Victoire Sidémého Dzidudu Dogbé Tomegah (born 23 December 1959) is a Togolese politician who has served as the prime minister of Togo since 28 September 2020. She is the first woman to hold the office.

Before becoming head of government, Tomegah Dogbé was previously the Minister of Grassroots Development, Handicrafts, Youth and Youth Employment in the Komi Sélom Klassou Government and the Cabinet Director of President Faure Essozimna Gnassingbé.

Career 
In 2008, while she was at the United Nations Development Programme office in Benin, the President of the Republic Faure Essozimna Gnassingbé and the Prime Minister Gilbert Houngbo asked Dogbé Tomégah to manage the portfolio of Minister Delegate to the Prime Minister in charge of development at the base which had just been created in Togo.
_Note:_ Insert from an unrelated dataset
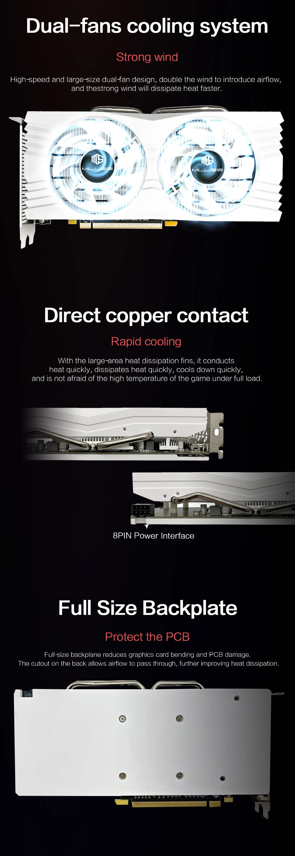 MLLSE AMD RX 580 8GB 2048SP Gaming Graphics Card GDDR5 256Bit PCI-E 3.0 ×16 8Pin Radeon GPU Rx 580 Video Card Placa De Video

In 2010, following the re-election of President Faure Gnassingbé, Tomegah Dogbé was appointed Minister of Grassroots Development, Youth Craft and Youth Employment in Gilbert Houngbo's second mandate. She retained her ministerial functions in the 1st government of Kwesi Ahoomey-Zunu from 2012 to 2013 and the 2nd government of Ahoomey-Zunu from 2013 to 2015. After the presidential election of April 2015, Komi Sélom Klassou replaced Ahoomey-Zunu as prime minister on 5 June 2015. Klaassou formed his cabinet on 28 June 2015 in which Tomegah Dogbé still retained the Ministry of Development at the Base, crafts, youth and youth employment.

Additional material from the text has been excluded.